Just about every branch of the horror tree is rooted in a fear of the unknown.

Things that lurk in the shadows, wait for us behind closed doors, shroud themselves in disguise, or hide in plain sight. Things that we don’t know that can hurt us. But just a bit deeper in the soil lies something even more terrifying: the unexplained.

How can you stop something that you can’t comprehend—even when it’s staring you in the face? That’s the medical-turned-existential dilemma at the heart of Billy Senese’s second feature, The Dead Center, a film more concerned with getting under your skin than making you jump out of your seat. And it’s this brand of retro paranoia, played out in parallel storylines, that allows the film to rise above what could’ve been a mediocre premise.
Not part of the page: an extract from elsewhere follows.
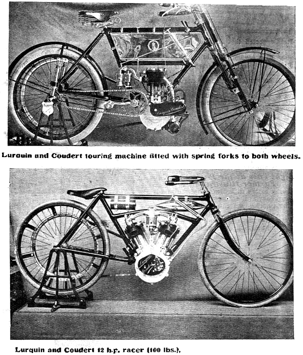 “LURQUIN AND COUDERT, 19, Rue Planchette, Paris, show a series of well-finished mounts of 3hp. The transmission is by V-section belt, and the ignition by high tension magneto with gearing cased in. The engine has mechanical valves, and a special cut-out is fixed on the exhaust. Control is effected by levers on the handlebar. The front forks have spring suspension, the arrangement consisting of a duplicate fork pivoted on the main fork and acting against a spring in a tube mounted in front of the steering column.”
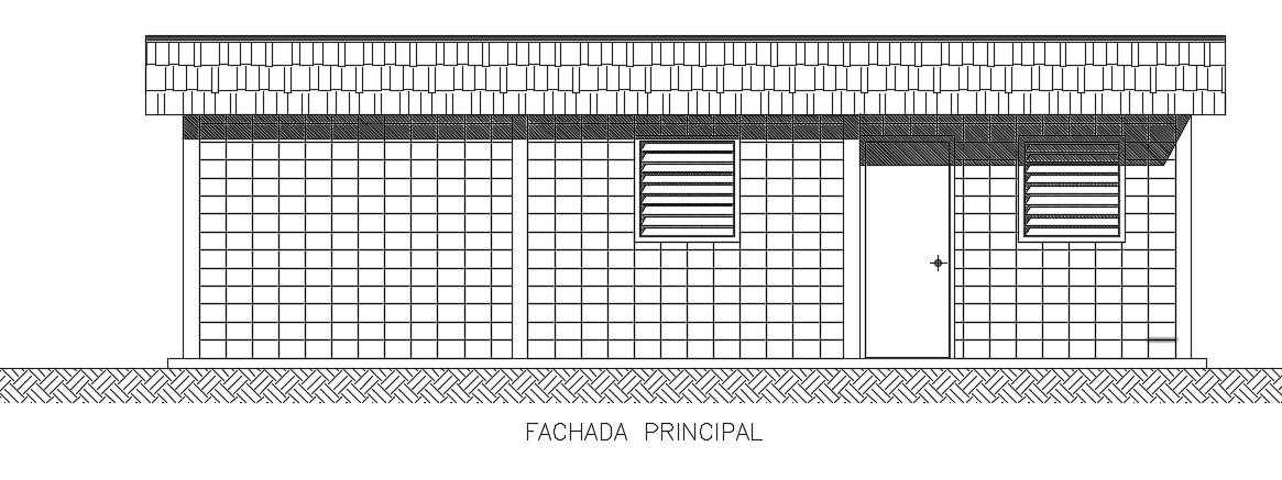 10x7m house building front side elevation view is given in this file. This is a single story house building with 3bhk. Here, the total height of the building is 3m and floor level height is 2.4m. In this drawing, living room window, kid’s bedroom window, and main door views are presented.

The setup is simple and familiar on the surface: A dead body is brought into the morgue, but minutes later, it reanimates and begins to walk, stalk, and kill those in its path. But this particular John Doe (played by frequent Senese collaborator Jeremy Childs) isn’t a zombie—he’s an amnesiac who knows not what he does.

That’s how he winds up in the hospital as a patient of Dr. Forrester, an emotionally reckless psychiatrist played extremely well by Shane Carruth (notably in his first starring role that he didn’t write and direct himself). Here, Dr. Forrester is tasked with diagnosing the condition of a man who claims to have died and been cursed, though he doesn’t remember what’s wrong with him or how it happened. The mystery is compounded exponentially as a hospital assistant, followed by another patient, both end up dead.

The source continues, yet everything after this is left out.